Complexity: The algorithm runs in \(\Theta(m*n)\) time and requires \(\Theta(m*n)\) space.
Traceback to Find the LCS¶
Can only find one LCS
After the DP table is filled, the LCS is not immediately apparent; it must be constructed by a traceback process.
Starting from i = m, j = n, move backwards through the table dp:
If the characters at i in string 1 and j in string 2 match, they are part of the LCS. Store this character. Move diagonally to dp[i-1][j-1].
If they don’t match, move up to dp[i-1][j] or left to dp[i][j-1] cell, whichever has a higher value.
The traceback continues until it reaches dp[0][0], reconstructing the LCS in reverse.

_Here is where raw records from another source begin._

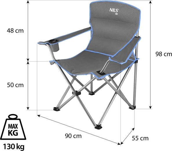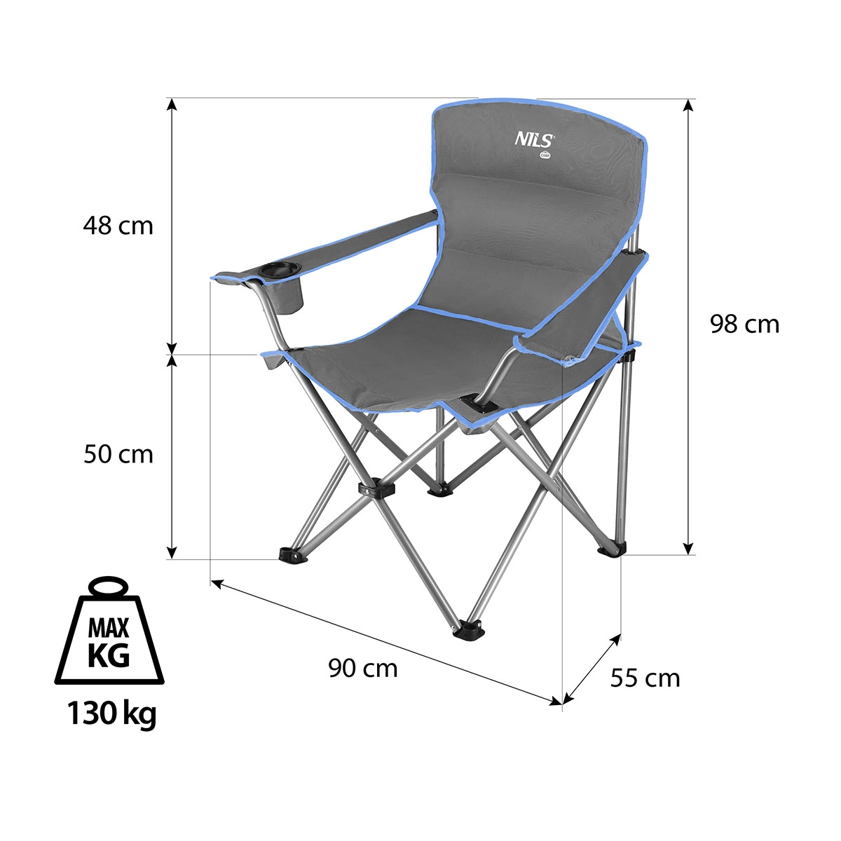 Odolná a pohodlná kempingová židle NILS Camp v šedo‑modré barvě nabízí pevnou ocelovou konstrukci, potah Oxford 600D, nosnost až 130 kg a praktický držák nápoje. Díky rychlému skládání a přiloženému vaku s popruhem je ideální k vodě, na ryby, festivaly i kempování.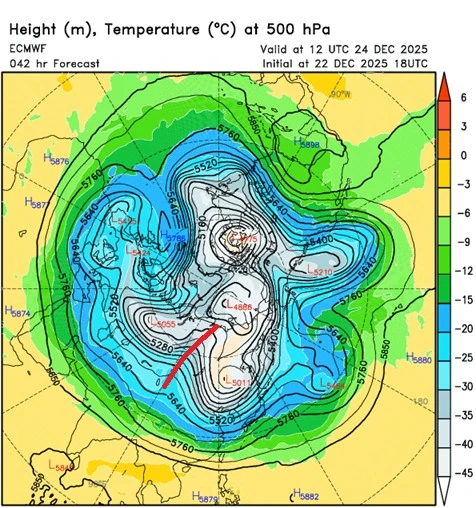 前中央氣象局長鄭明典貼出「貝加爾湖脊場」照片指出,「這是明天下午8點的預測圖。」他分析500百帕高度場,在貝加爾湖附近出現深深的脊場,脊場東側的偏北風會把冷空氣往南送,「這個位置的脊場,冷空氣傳送放像正好是往台灣方向來,這是冬季台灣容易出現低溫的天氣型態!」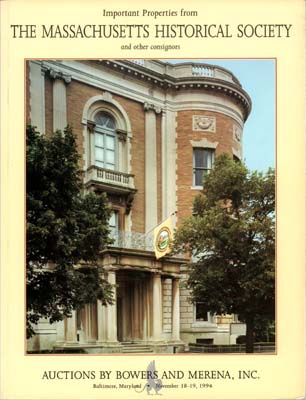 Балтимор, 18-19 ноября 1994 года. 216 стр. 3616 лотов. Редкие монеты из собственности Массачусетского исторического общества Интересен прежде всего продажей самой знаковой монеты русской нумизматики "Константиновского" рубля 1825 года с гуртовой надписью.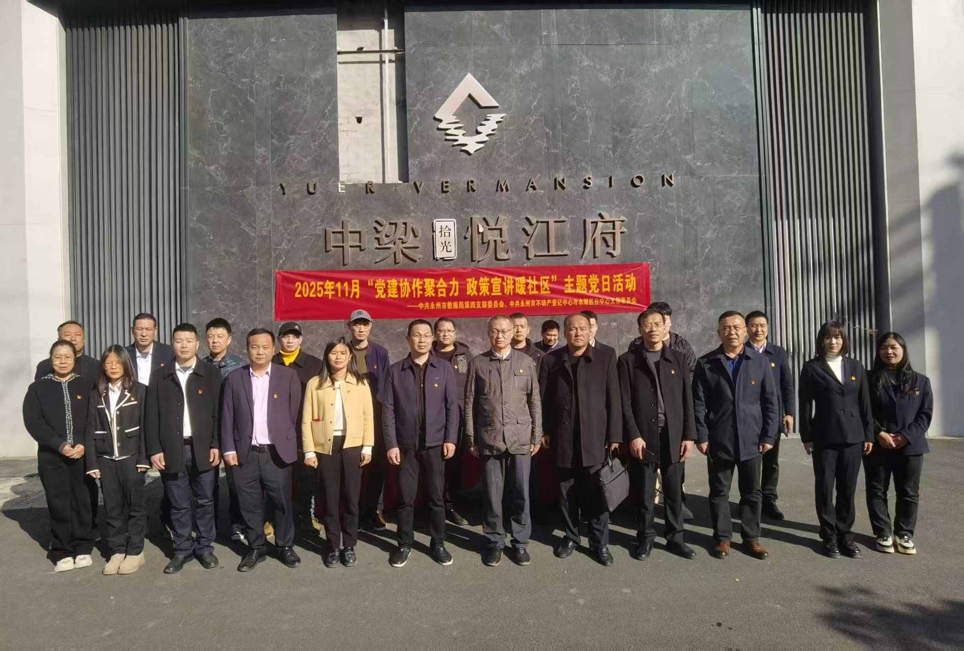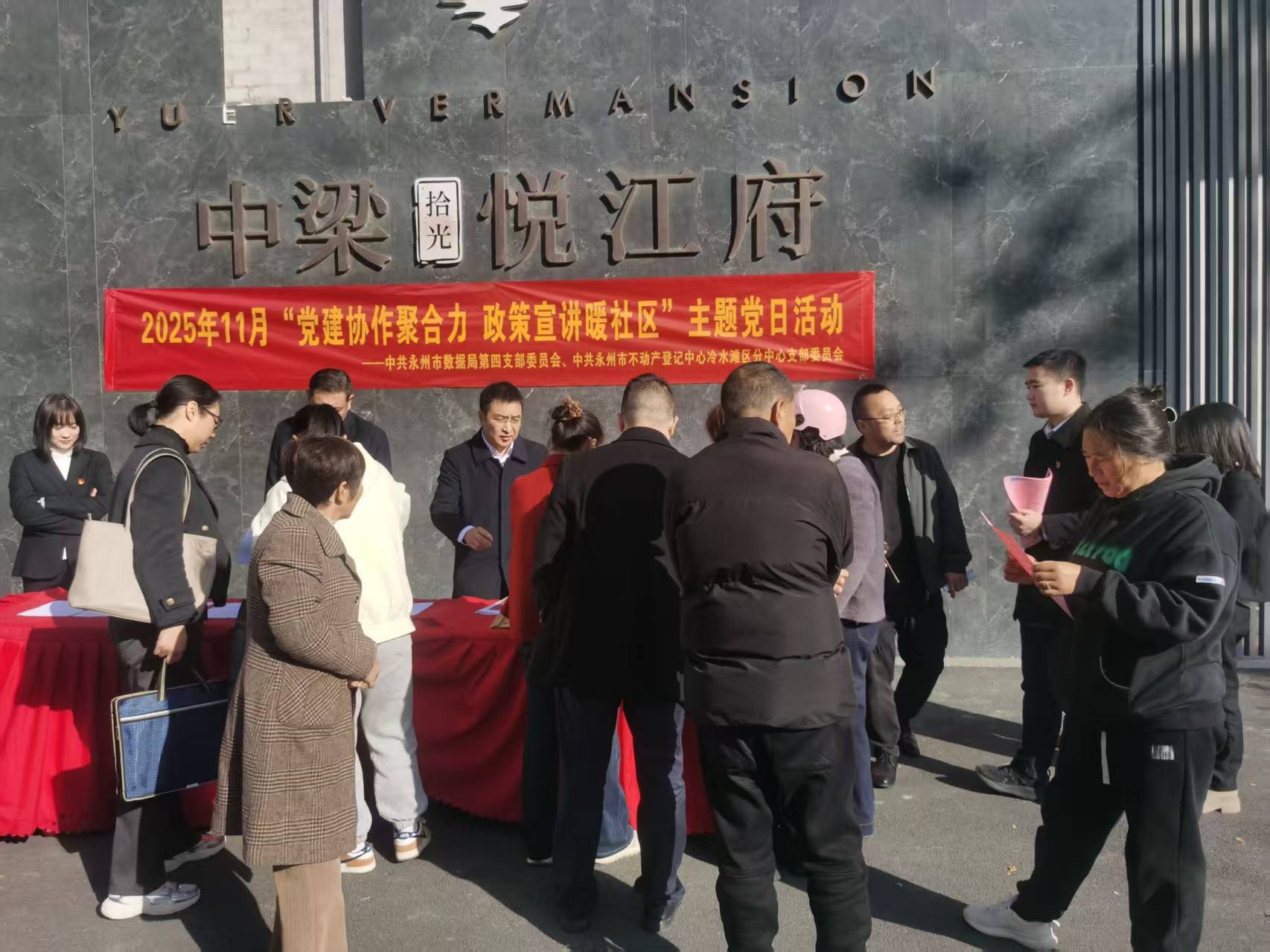 11月28日上午,永州市不动产登记中心冷水滩区分中心党支部联合永州市数据局第四党支部,在冷水滩区中梁悦江府小区广场开展“党建协作聚合力,政策宣讲暖社区”主题党日活动,现场为居民提供不动产登记政策解读与办事指导。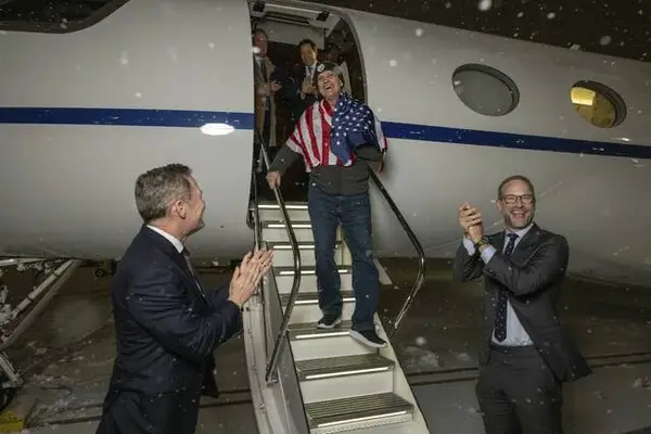 About 9:30 p.m. on Feb. 11, 2025, the private jet carrying Marc Fogel landed at Joint Base Andrews in Maryland. It was his first time on American soil since his arrest in Moscow on Aug. 14, 2021. (Courtesy of the White House)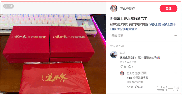 而上述晒黄金的网友,正是“十日服”中的大佬,关服后排行榜位居前三才拿到了这满满一盒黄金的奖励,排名靠后的大佬也有拿到五粮液、金钞等众多丰厚豪礼,要知道《逆水寒》之前可是官宣过,“十日服”中的充值金额将会全部返还到其他服务器,因此相当于白嫖到了这份福利。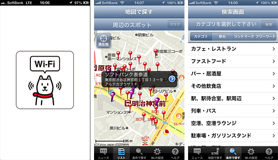 ソフトバンクモバイルは、12月3日、公衆無線LANサービス「ソフトバンクWi-Fiスポット」のアクセスポイント(Wi-Fiスポット)を手軽に検索できるiPhone/iPad向けアプリ「ソフトバンクWi-Fiスポット」をリリースした。

Credit: Introduction to Algorithms, 4th Ed., T. Cormen et al.
Pseudocode¶
Function LCS(X, Y):
m = length of X
n = length of Y
dp = array of (m+1) rows and (n+1) columns
# Initialize the table with 0's, as the LCS of an empty sequence
# with any sequence is 0
For i from 0 to m:
dp[i][0] = 0
For j from 0 to n:
dp[0][j] = 0
# Fill the dp table
For i from 1 to m:
For j from 1 to n:
If X[i] == Y[j]:
dp[i][j] = dp[i-1][j-1] + 1
Else:
dp[i][j] = max(dp[i-1][j], dp[i][j-1])
# The length of LCS is in the cell dp[m][n]
length_LCS = dp[m][n]
# To find the LCS string, traceback from dp[m][n]
LCS = ""
i = m, j = n
While i > 0 and j > 0:
If X[i] == Y[j]:
LCS = X[i] + LCS # Prepend the character to LCS
i = i - 1
j = j - 1
Else If dp[i-1][j] > dp[i][j-1]:
i = i - 1
Else:
j = j - 1
Return LCS, length_LCS
Variations¶
All LCSs: The DP solution only finds one LCS. To find all LCSs, use backtracking to find all possible paths in the DP table that lead to the LCS length.
Longest Common Substring: A substring is a contiguous sequence of characters within a string. The Longest Common Substring (LCSu) problem is similar to the LCS problem, but requires that the common elements be contiguous.
Improve space complexity: The DP solution requires Theta(m*n) space. This can be improved to \(\Theta(min(m, n))\) by only storing the current and previous rows of the DP table.